A single-center pilot study and protocol considerations for a multi-aspect intervention trial

Published Online:https://doi.org/10.1024/0301-1526/a001076

Abstract

Summary:Background: Guidelines recommend comprehensive lifestyle change in patients with peripheral arterial disease (PAD) to prevent cardiovascular events and death. When compared with other populations, patients with PAD are less likely to receive best medical therapies (BMT). The aim of this pilot study was to integrate all aspects of BMT in an intervention program and to determine the feasibility of such an approach by highlighting strengths and obstacles of a multi-aspect intervention. Patients and methods: Patients consecutively hospitalized due to symptomatic PAD between 01 December 2021 and 28 February 2022 were included and followed for ten weeks. We randomized into a lifestyle intervention (education on BMT, a list of regional contact data for supervised exercise, weekly counselling by phone for ten times) vs. standard of care (one contact to talk about BMT). Vascular Quality of Life Questionnaire – 6 (VascuQoL-6) was used to collect patient reported outcomes. Results: Of 50 eligible patients 40 agreed to participate (32.5% female, 72.5 years in mean). During follow-up nine patients dropped out (4 in intervention group vs. 5). As for risk factor modification one patient was able to reach a normal weight body-mass-index (BMI) and nine reduced weight. Two patients stopped smoking, three reduced their consumption. The reported adherence to medication was a hundred percent. No patient attended supervised exercise therapy but eight trained at a home-based setting according to guidelines. The mean score of VascuQoL-6 at follow-up was higher in the intervention group compared to the control group (17.4 vs. 13.8 points) at last contact with both groups increasing from baseline. Conclusions: This pilot study followed 40 patients for up to 10 weeks after inpatient treatment while we randomized a multi-aspect lifestyle intervention versus standard of care. Thereby, the current study illustrated the numerous obstacles and provided pragmatic solutions for the planning of studies on BMT in this target population.

Introduction

With a development from 202 million affected patients in 2010 [1] to more than 236 million in 2015 [2], peripheral arterial disease (PAD) is an increasing global health burden. Although prevalence has increased in all age groups [3] the incidence is highest in the elderly with one out of ten people being affected at the age of 70 and one out of six people over the age of 80 years [1, 2]. In the population-based Hamburg City Health Study almost 25% of the inhabitants were affected by PAD with a median age of 63 years [4].
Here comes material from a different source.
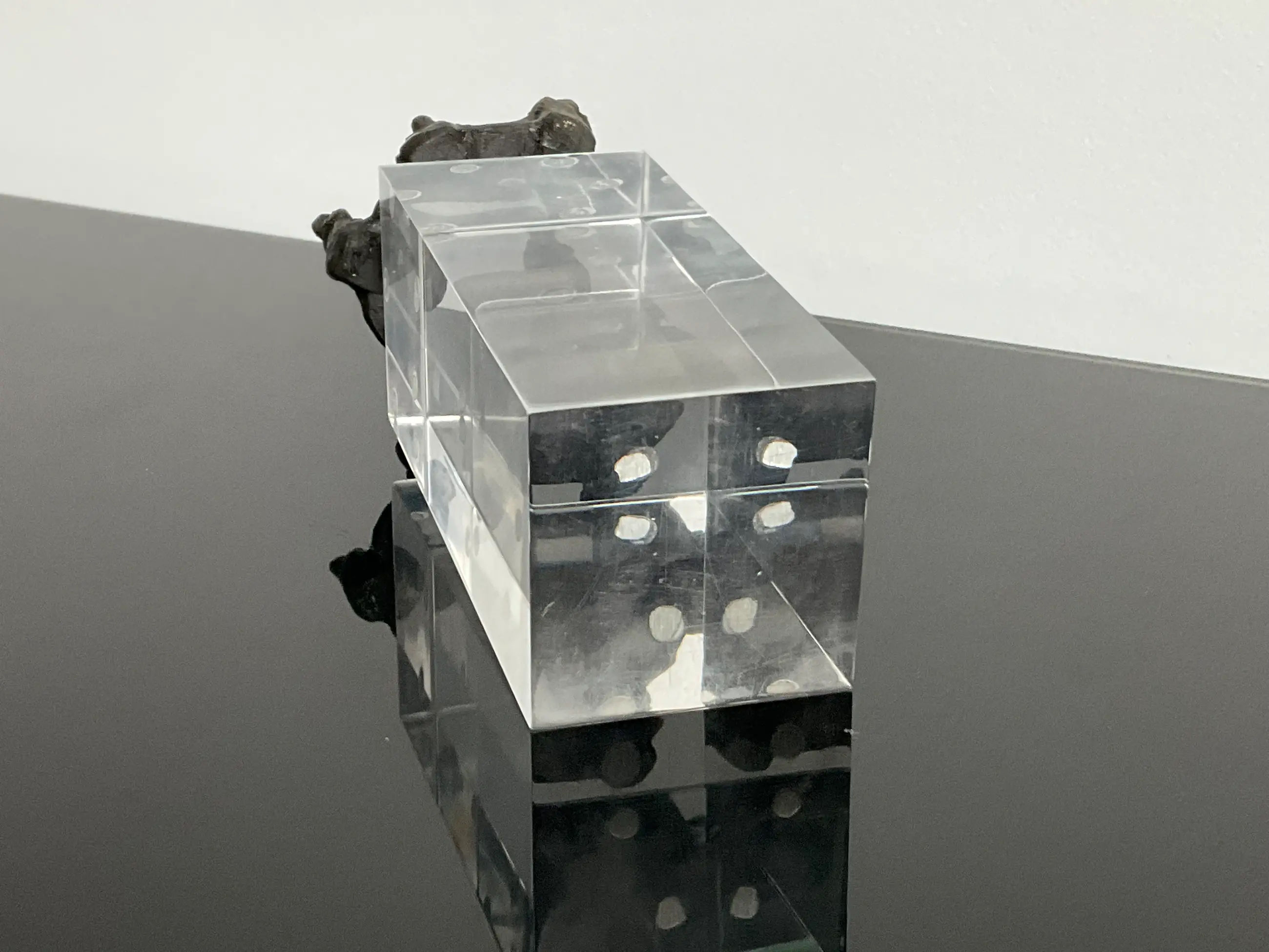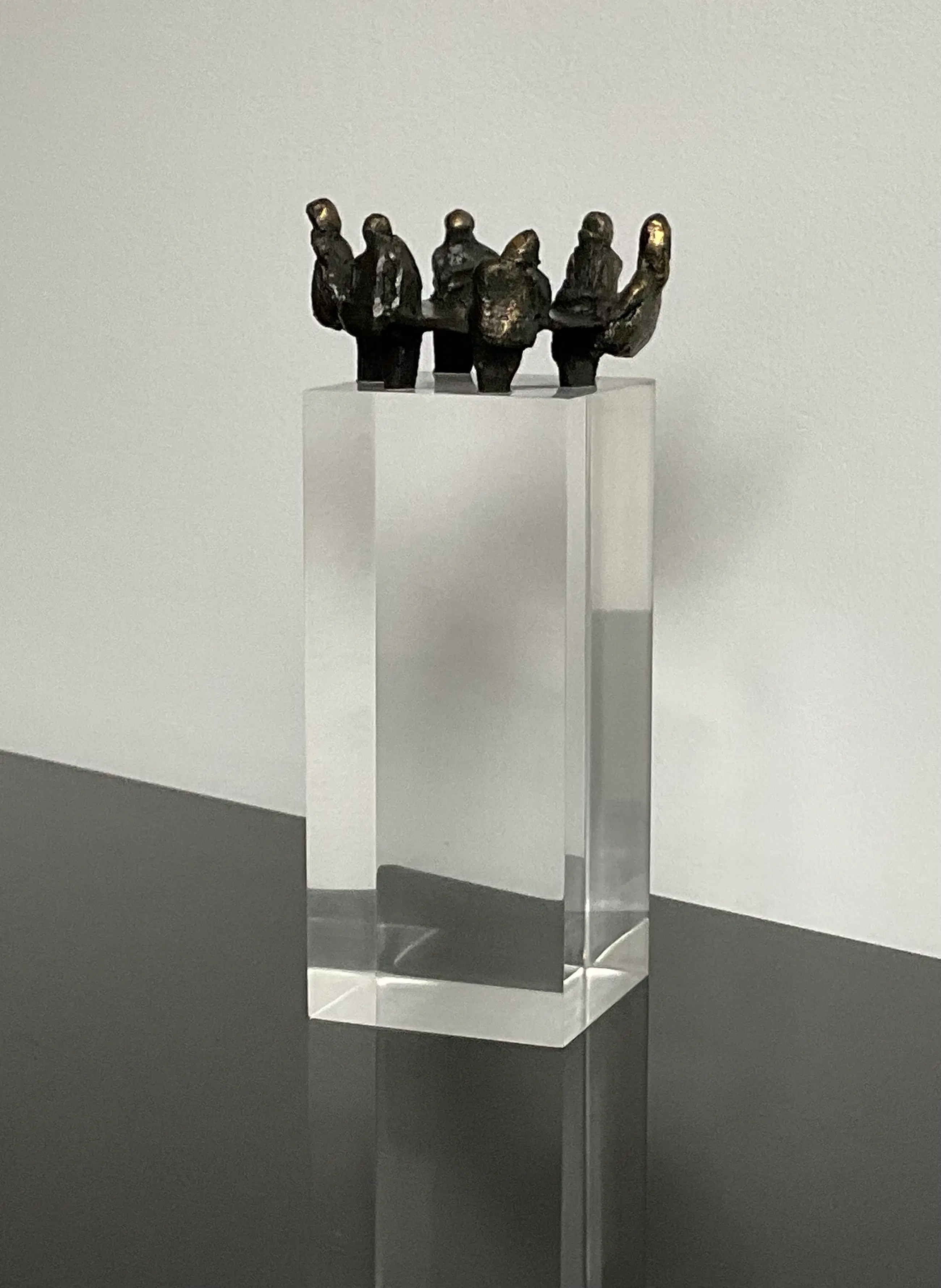 Een verbronsd beeldje van Corry Ammerlaan op een perspex sokkel van 4 cm x 4 cm x 9 cm.

PAD besides coronary artery disease (CAD) and stroke is a common clinical manifestation of atherosclerosis [1, 4]. A considerable number of patients have atherosclerotic vascular lesions in more than one region (a.k.a. polyvascular disease) [5], often without experiencing symptoms [6]. However, the risk for an ischemic heart event or stroke is higher in PAD patients as well as the mortality rate. Death from cardiovascular cause is six to eight times more likely in comparison to an aged-matched person without PAD within ten years. Interestingly, causes of death are only in 20–30% non-cardiovascular for PAD patients [5].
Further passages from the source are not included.